Hacker News new | ask | show | jobs
by tachydyne 3160 days ago
I work for a competitor to Butterfly, and the main difference between this device and other ultrasound transducers is the use of a CMUT array instead of the typical piezoelectric crystal. CMUT arrays are MEMS devices, made in a semiconductor fab using the same processes as other ICs. This makes them cheaper to produce than traditional arrays where the elements have to individually sliced and wired to the electronics. CMUT isn't new, it's been being worked on for 20 years, but it isn't used because it is much less sensitive than the piezoelectric arrays. Either Butterfly has made a breakthrough and are choosing growth over profit margins, or they are trying to make up for worse performance with a much cheaper price. We won't know which until their device is actually on sale.
1 comments

Incredibly informative answer, thanks so much. One last thing, do you personally believe “breakthrough” or “discount” in this case?

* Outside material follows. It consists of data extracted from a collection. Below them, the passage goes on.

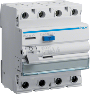 Hager CFA463D Proudový chránič 4 pól. 63A / 0,3 A, typ A, 6 kA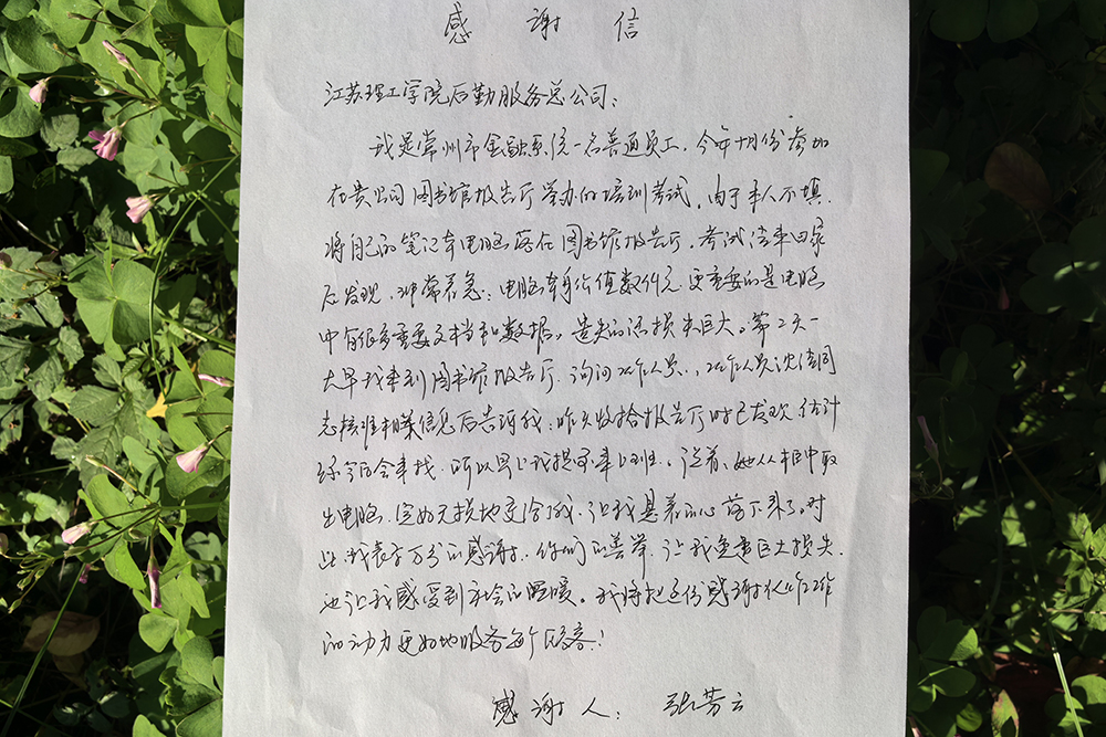 图书馆报告厅作为我校重要活动场地,会务人员不仅高质量完成本校大型会议、学术讲座等服务保障,还不断承接外来培训、交流活动。工作中,多次拾获手机、笔记本、钱包等物品,均第一时间登记保管并积极联系失主,悉数归还。此次失主特意撰写感谢信,赞扬了后勤员工传承美德、践行善行为单位树立了良好的形象。 (图文/场馆会务中心 单春雨;审核/颜国方;编辑/王思奇)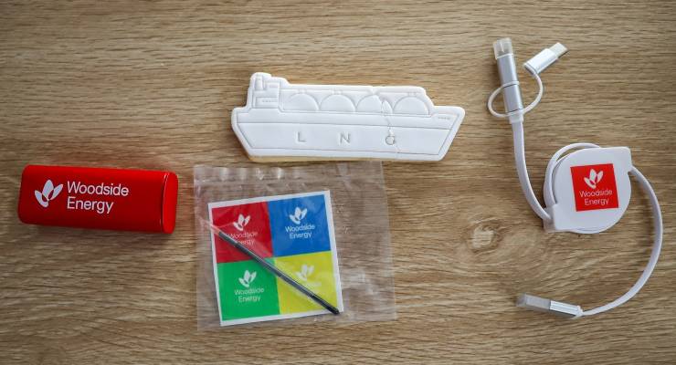 - A phone charger with USB-B, USB-C and iPhone charging ports, also emblazoned with the Woodside Energy logo. Woodside loves to make a lot of noise about how its gas “keeps the lights on”’” in Western Australia, even though most of it is exported. But if you were to see the Woodside logo every time you plugged your phone in, it might help convince you that you needed a war-profiteering fossil gas enterprise to enjoy the basics of daily life.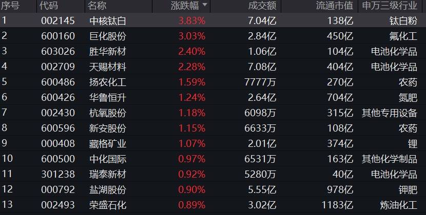 超半数成份股飘红,中核钛白、巨化股份涨逾3%,胜华新材、天赐材料涨逾2%,扬农化工、华鲁恒升、杭氧股份、新安股份等股涨逾1%,盐湖股份、荣盛石化等权重亦飘红。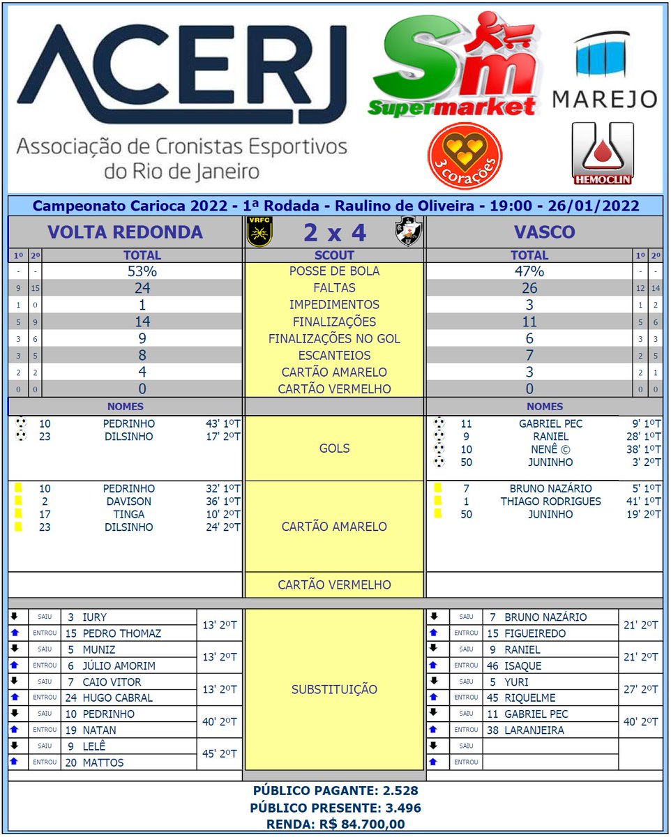 O Vasco foi dominante no primeiro tempo e abriu 3 a 0 após gols de Gabriel Pec, Raniel e Nenê. O Volta Redonda diminuiu com Pedrinho, de pênalti, antes do intervalo. Na etapa final, os cruzmaltinos ampliaram com Juninho. O Voltaço marcou mais um, com Dilsinho.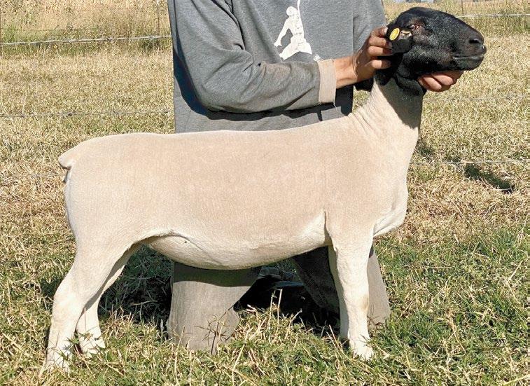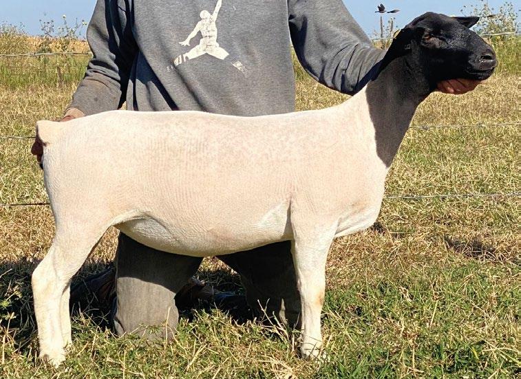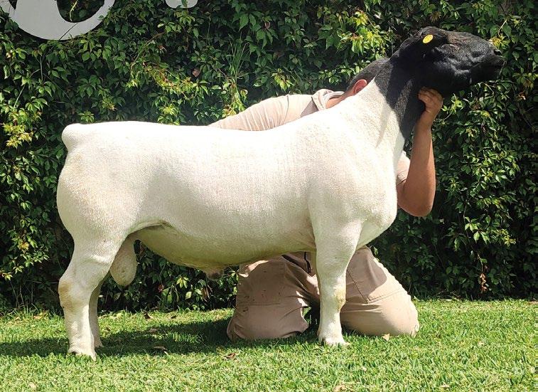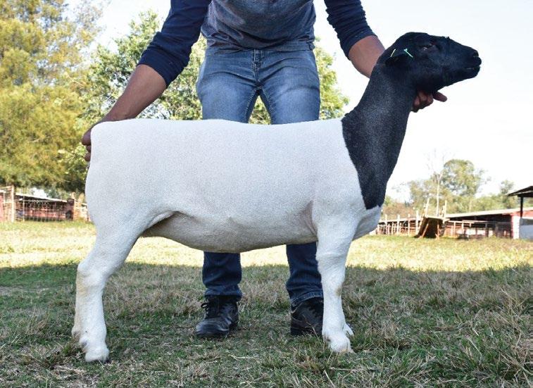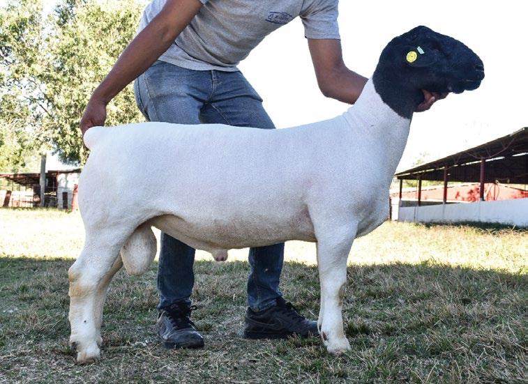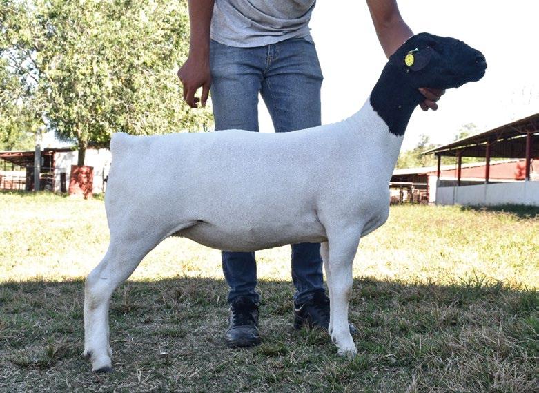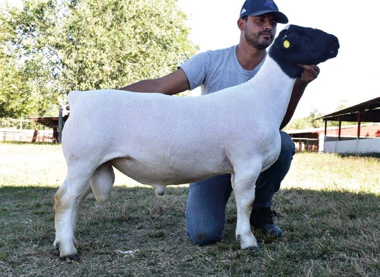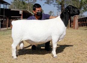 Hijo de Gran Campeona Nacional 2019 (Amanda) Mucho balance, corrección, largor y una cabeza muy fuerte y masculina. De lo que duele desprenderse. PADRE: CDA-5527-D ”ARDILLO” ABUELO: REF-101-X ABUELA: THC-6916-Y ABUELO: DELL-5530-D “30” ABUELA: CDA-5027-B MADRE: DPC-1312-E “AMANDA” DPC-2611-H “AMANDO” LOTE 91 T. CONCEPCIÓN: TE TIPO DE PARTO: SIMPLE AMANDO F. NACIMIENTO: 03 / 01 / 2020 P.N: 6.5 KG P.D: 28.3 KG P.A: 122 KG AMANDA 8 V A SUBASTA SUPREMA 2022 MACHOS DORPER · PAG. 56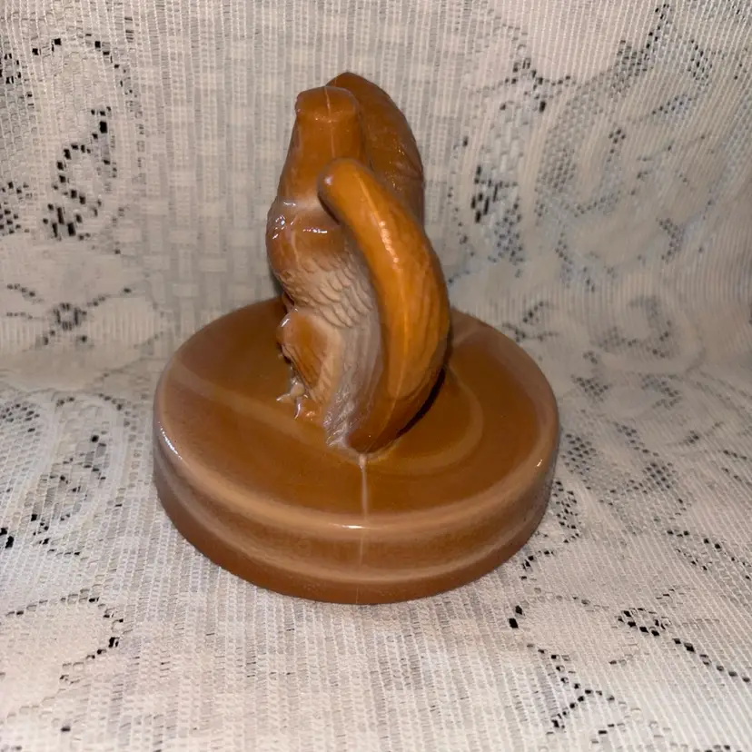 This Fenton Chocolate Slag Glass American Eagle Bicentennial Paperweight from 1976 is a vintage collectible piece originating from North America

20 years of CMUT being the next big thing in ultrasound has left me a sceptic, but I know some really smart people at Butterfly. I don't think they would bring a device to market that they didn't think was competitive. My guess is that it'll be okay, not the best imaging handheld device on the market but better than several of our competitors.
As an internal medicine phsysician who has been using a handheld daily for the past few years I would only add that high image quality is not always needed for many of our most important applications: Lung, IVC, bladder, DVT, abscess. US is dramatically more accurate than physical exam and stethoscope In these cases.
Agreed. I was talking specifically about CMUT vs Piezoelectric. If high image quality was always a requirement, the handheld market probably wouldn't exist at all.

Butterfly is right to focus on getting an answer over image quality. As a startup they will likely be able to iterate quickly on machine learning, which is critically important to growing the ultrasound market. Right now the biggest barrier to adoption is the difficulty of reading ultrasound images, and machine learning is the most promising solution to that. I think that is more likely to be their competitive differentiator than their use of CMUT.